#### GOAL OF THE EXERCISE
No picture belongs in the copy. Repeat each line below exactly.

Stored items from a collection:
·····

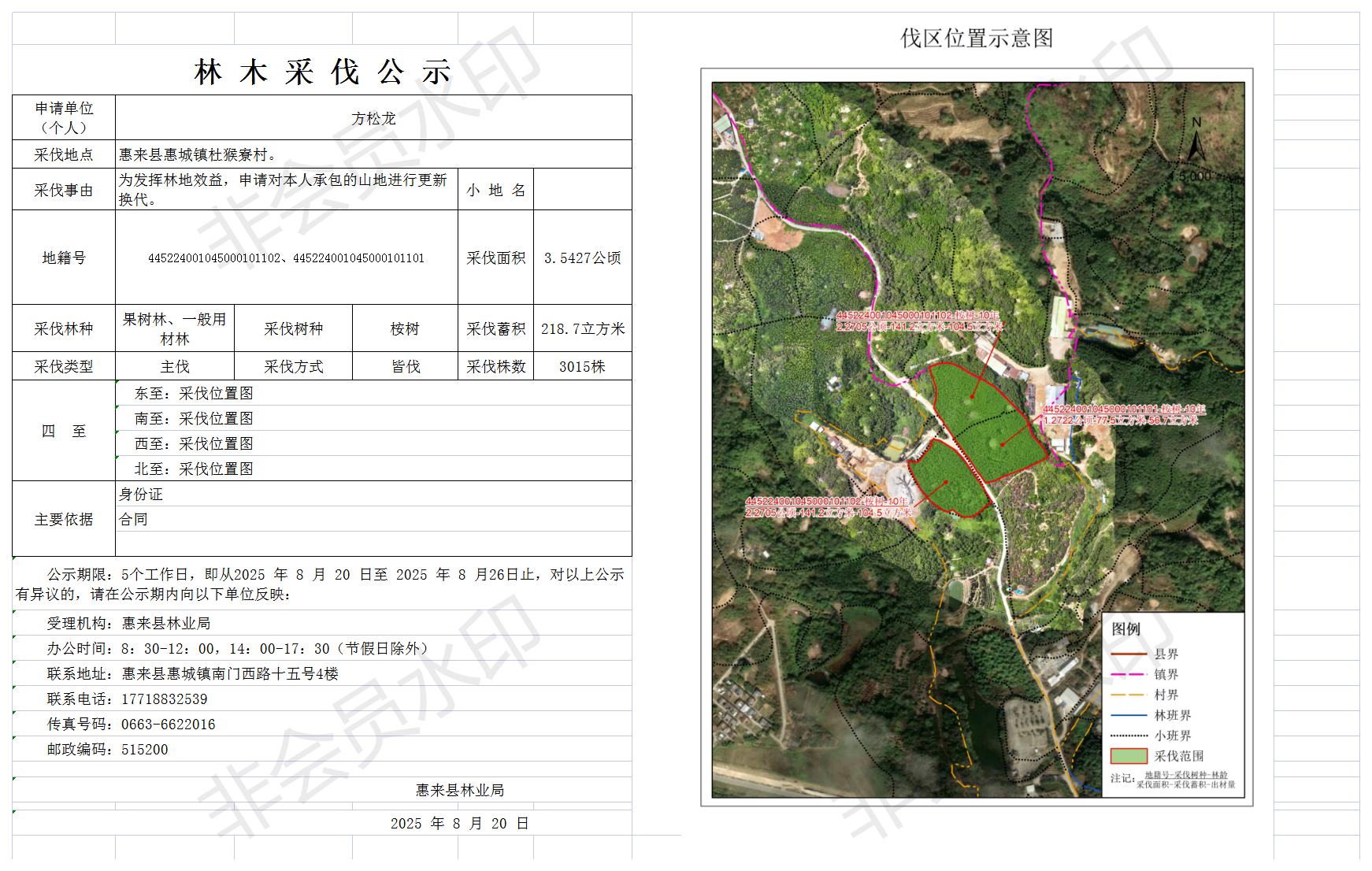 采伐公示 赵丽霞 惠来县侨园镇陂乌村
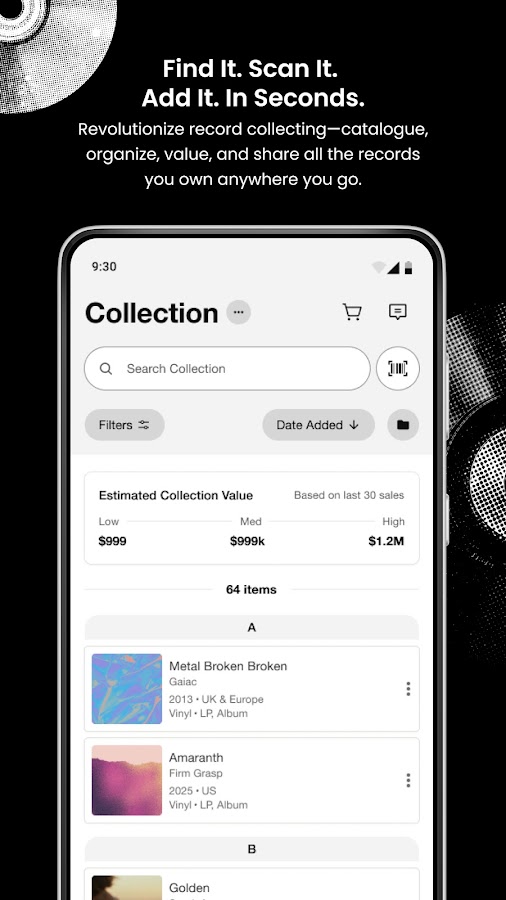 Официальное приложение Discogs — это лучший способ составить каталог вашей музыкальной коллекции, найти свой грааль, проверить цены и купить музыку в крупнейшей в мире дискографии физической музыки.
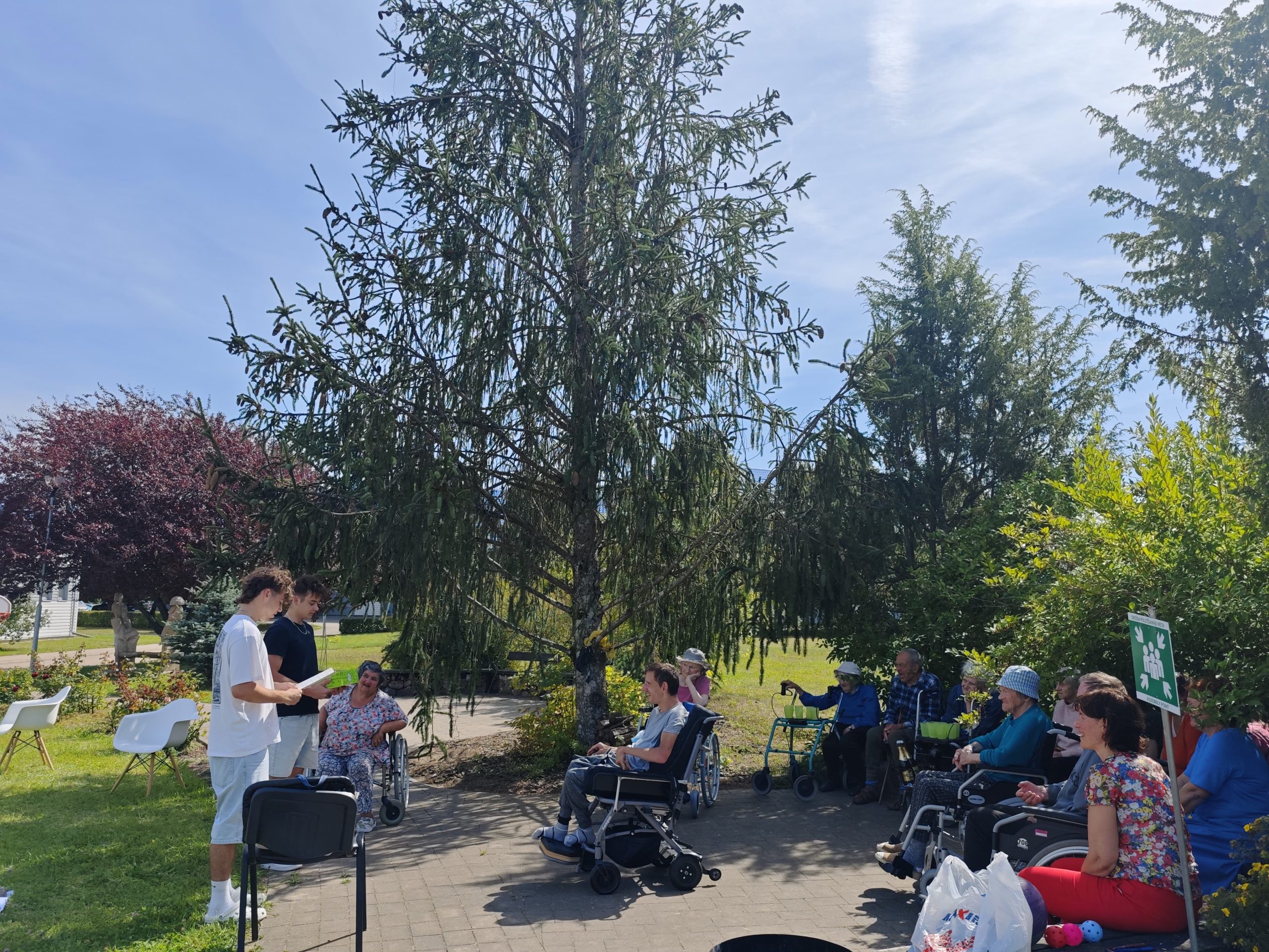 Ideja par ilgstošas sociālās aprūpes pakalpojuma saņēmēju socializēšanu Viļa Plūdoņa Kuldīgas vidusskolas 12. klases skolniekiem Mikam Maslobojevam un Kristianam Šlakorciņam radās jau iepriekšējā mācību gada laikā, domājot par vidusskolas projekta darbu. Uz tēmas aktualitāti pamudināja LR Tiesībsarga biroja kampaņa “Dzīve pansionātā – kāda tā ir?”, kurā tika aizskarts jautājums par Latvijas pansionātu iemītnieku sadzīves apstākļiem, t.sk., arī vajadzība pēc socializēšanās pasākumiem. “Painteresējoties par šo tēmu vairāk, sociālo tīklu platformā “Tik Tok” redzēju kontus, kuros tiek rādītas interesantas spēles un aktivitātes, kas veicina kustību un atmiņas saglabāšanos. Nolēmu, ka tas varētu noderēt, kā socializēšanās aktivitātes,“ pastāsta Kristians.
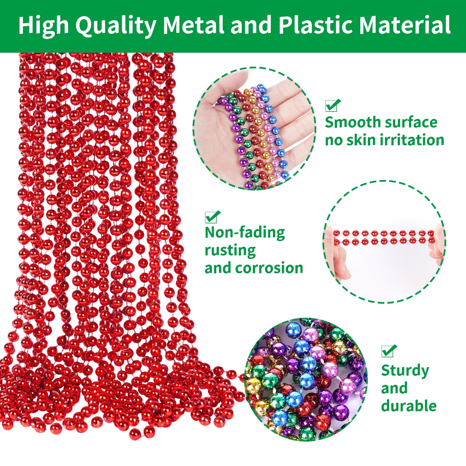 Mardi Gras Beads: 15 pcs of bead necklaces bulk, red bead necklace, comes in classic Mardi Gras colors. The red Mardi Gras beads necklace make perfect accessories for Mardi Gras costumes and Parades | Premium Quality: Mardi Gras beads necklaces are made of sturdy and durable plastic material, do not break easily, non-fading, rusting and corrosion, round metallic beads have a smooth surface and are non-irritating to the skin, providing you with a comfortable wearing experience while you can use it for a long time | 33'' 7 mm Metallic Beaded Necklace: Each Mardi Gras necklace is 33 inches long and has 7 mm beads. The party beads size make they are suitable for everyone, they can wear them as carnival decorations for dress-up party | Perfect Party Favors: These beaded necklaces are perfect for Mardi Gras decorations and Mardi Gras parades, party beads necklaces are also widely used for Christmas party, St. Patrick's Day celebrations, Halloween party, birthday party, New Year's Eve party, nightclub dress-up events, wedding favors and parades, etc | Ideal for Any occasion: The red bead necklace can be used not only as necklaces, but also used for table and vases ornaments at home to add party atmosphere, suitable for hanging around the street, stores, classrooms and other places. They are delicate costume necklace accessories and ideal party favors
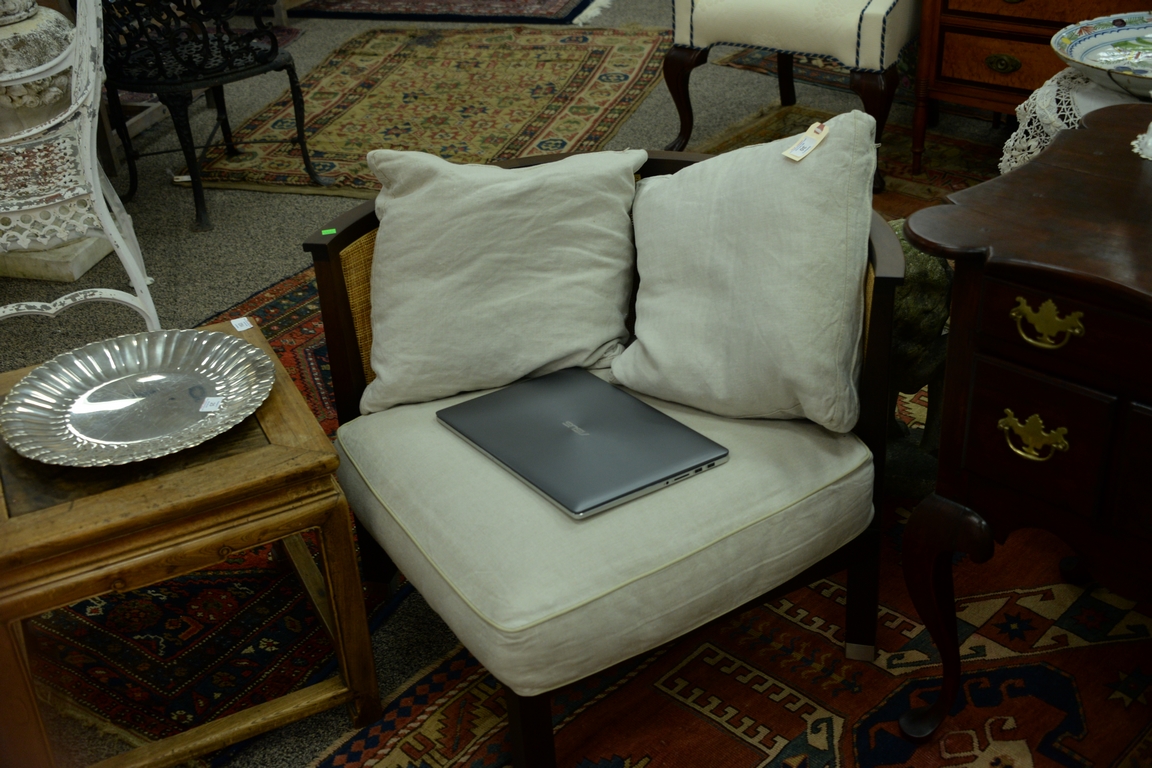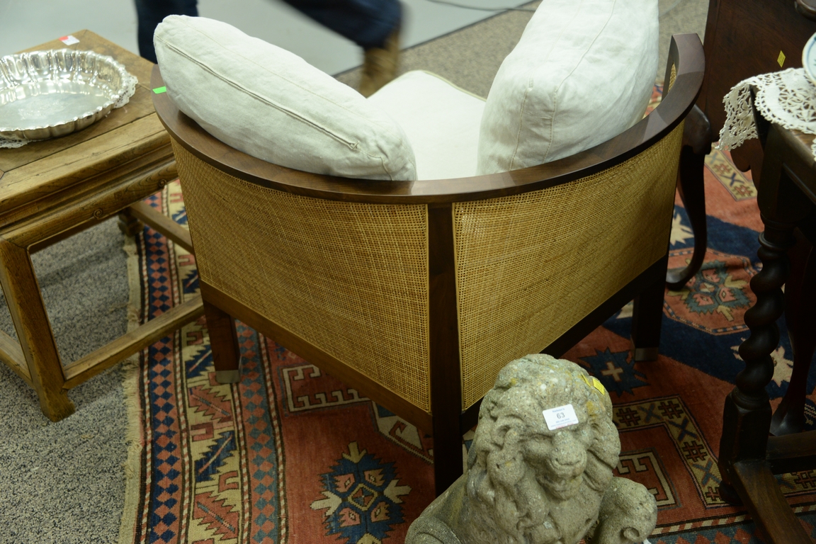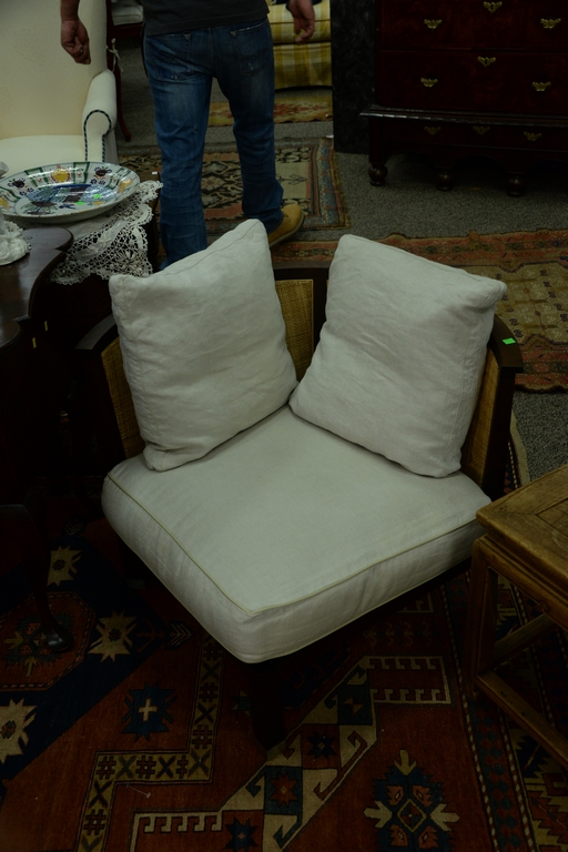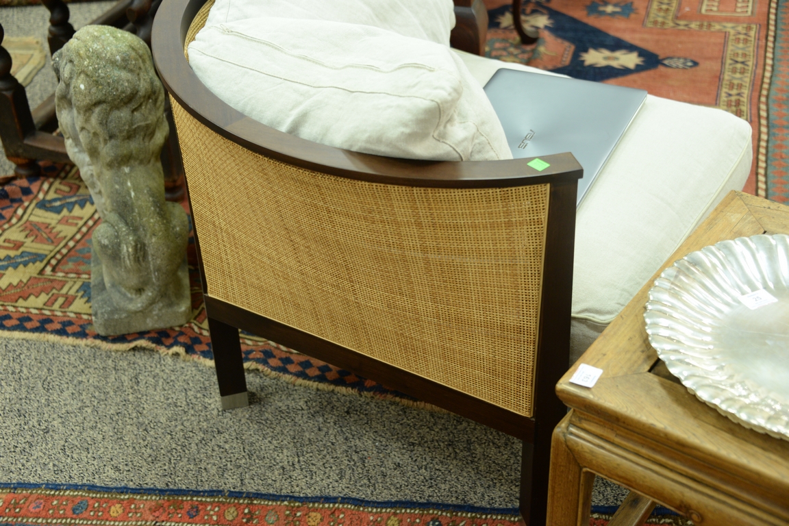 Lot 30: Pair of Flexform corner chairs with caned backs.

·····

#### RESULT FOR THIS TASK
 采伐公示 赵丽霞 惠来县侨园镇陂乌村
 Официальное приложение Discogs — это лучший способ составить каталог вашей музыкальной коллекции, найти свой грааль, проверить цены и купить музыку в крупнейшей в мире дискографии физической музыки.
 Ideja par ilgstošas sociālās aprūpes pakalpojuma saņēmēju socializēšanu Viļa Plūdoņa Kuldīgas vidusskolas 12. klases skolniekiem Mikam Maslobojevam un Kristianam Šlakorciņam radās jau iepriekšējā mācību gada laikā, domājot par vidusskolas projekta darbu. Uz tēmas aktualitāti pamudināja LR Tiesībsarga biroja kampaņa “Dzīve pansionātā – kāda tā ir?”, kurā tika aizskarts jautājums par Latvijas pansionātu iemītnieku sadzīves apstākļiem, t.sk., arī vajadzība pēc socializēšanās pasākumiem. “Painteresējoties par šo tēmu vairāk, sociālo tīklu platformā “Tik Tok” redzēju kontus, kuros tiek rādītas interesantas spēles un aktivitātes, kas veicina kustību un atmiņas saglabāšanos. Nolēmu, ka tas varētu noderēt, kā socializēšanās aktivitātes,“ pastāsta Kristians.
 Mardi Gras Beads: 15 pcs of bead necklaces bulk, red bead necklace, comes in classic Mardi Gras colors. The red Mardi Gras beads necklace make perfect accessories for Mardi Gras costumes and Parades | Premium Quality: Mardi Gras beads necklaces are made of sturdy and durable plastic material, do not break easily, non-fading, rusting and corrosion, round metallic beads have a smooth surface and are non-irritating to the skin, providing you with a comfortable wearing experience while you can use it for a long time | 33'' 7 mm Metallic Beaded Necklace: Each Mardi Gras necklace is 33 inches long and has 7 mm beads. The party beads size make they are suitable for everyone, they can wear them as carnival decorations for dress-up party | Perfect Party Favors: These beaded necklaces are perfect for Mardi Gras decorations and Mardi Gras parades, party beads necklaces are also widely used for Christmas party, St. Patrick's Day celebrations, Halloween party, birthday party, New Year's Eve party, nightclub dress-up events, wedding favors and parades, etc | Ideal for Any occasion: The red bead necklace can be used not only as necklaces, but also used for table and vases ornaments at home to add party atmosphere, suitable for hanging around the street, stores, classrooms and other places. They are delicate costume necklace accessories and ideal party favors
 Lot 30: Pair of Flexform corner chairs with caned backs.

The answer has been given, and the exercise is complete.